Task — Copy, word for word, the lines below from the one containing "[강원사회복지신문 서은진 기자]=개정된" up to and including the one containing "- Containers: 6–8", with pictures left out.

[Records drawn from a dataset]
□ □ □ □ □

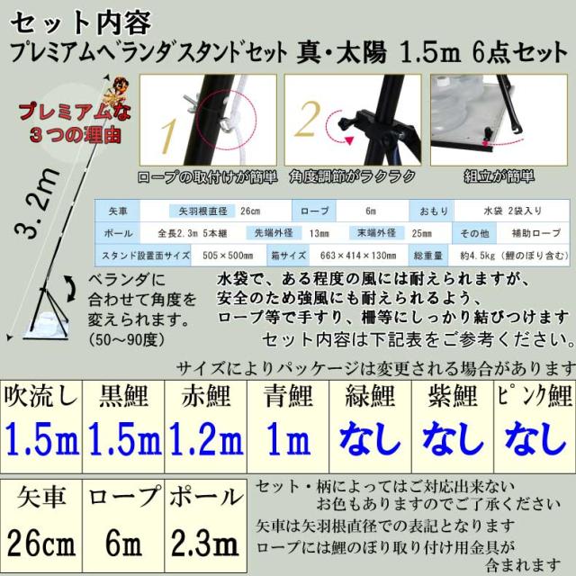 鯉のぼり こいのぼり ベランダ おしゃれ お洒落 マンション ベランダ用 屋外 プレミアムベランタ゛スタンドセット 真・太陽 1.5m 6点セット オシャレ
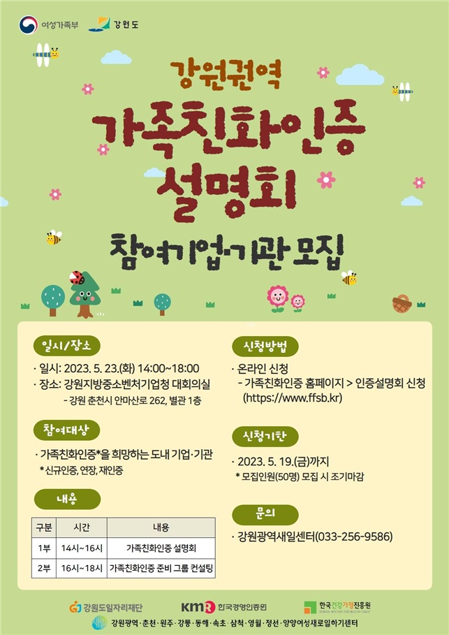[강원사회복지신문 서은진 기자]=개정된 심사지표 설명 및 그룹 컨설팅 진행 강원도와 강원도일자리재단(대표이사 박광용)이 운영하는 강원광역새일센터는 오는 5월 23일 강원지방중소벤처기업청 대회의실에서 가족친화인증 설명회를 개최한다. 한국경영인증원, 한국건강가정진흥원과 함께 진행하는 이번 설명회에서는 가족친...
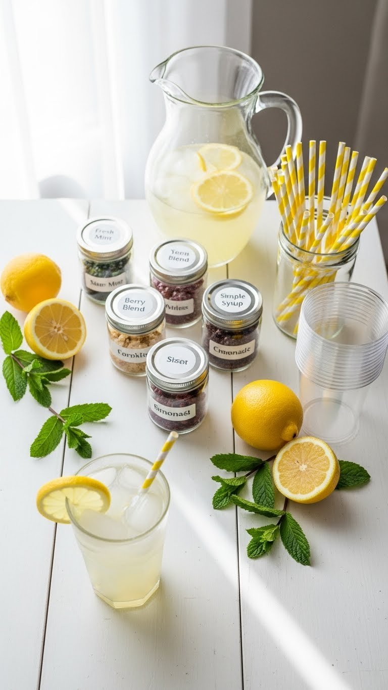 - Containers: 6–8 small glass jars or bowls and 1 large pitcher for lemonade.
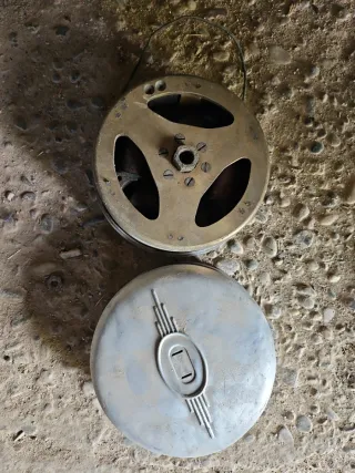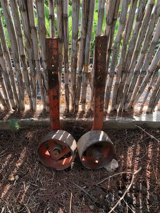 Se venden piezas de cultivador antiguo, ideales para coleccionistas o para restaurar maquinaria agrícola. - Incluye dos ruedas metálicas con soporte. - Estructura de metal con pintura naranja desgastada. - Presenta signos de óxido y uso.
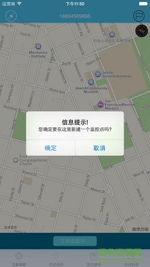 2,卫星追踪,实时跟踪并显示目标的轨迹;你可以在普通地图和卫星地图之间切换;自定义追踪:你可以不限于默认的跟踪,你可以自定义轨迹,自定义轨迹可以不受时间限制,随时追加纪录;建立监控点:你可以设置多个监控点,当你打开记录器,目标接近监控点(或者监控点附近的基站)1000米、500米、50米时,系统会给出声音和文字提示,当程序处于后台运行时,系统也会给出语音提示;
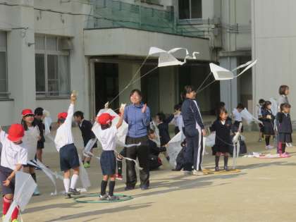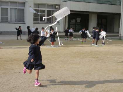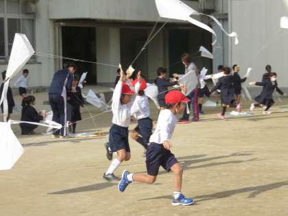 昔は冬の遊びと言えば『たこあげ』でしたが、最近はあげる場所もないので、めっきり見なくなりましたが、今日1年生が生活科で作った“凧”を運動場であげていました。

□ □ □ □ □

Response to the exercise —
[강원사회복지신문 서은진 기자]=개정된 심사지표 설명 및 그룹 컨설팅 진행 강원도와 강원도일자리재단(대표이사 박광용)이 운영하는 강원광역새일센터는 오는 5월 23일 강원지방중소벤처기업청 대회의실에서 가족친화인증 설명회를 개최한다. 한국경영인증원, 한국건강가정진흥원과 함께 진행하는 이번 설명회에서는 가족친...
 - Containers: 6–8 small glass jars or bowls and 1 large pitcher for lemonade.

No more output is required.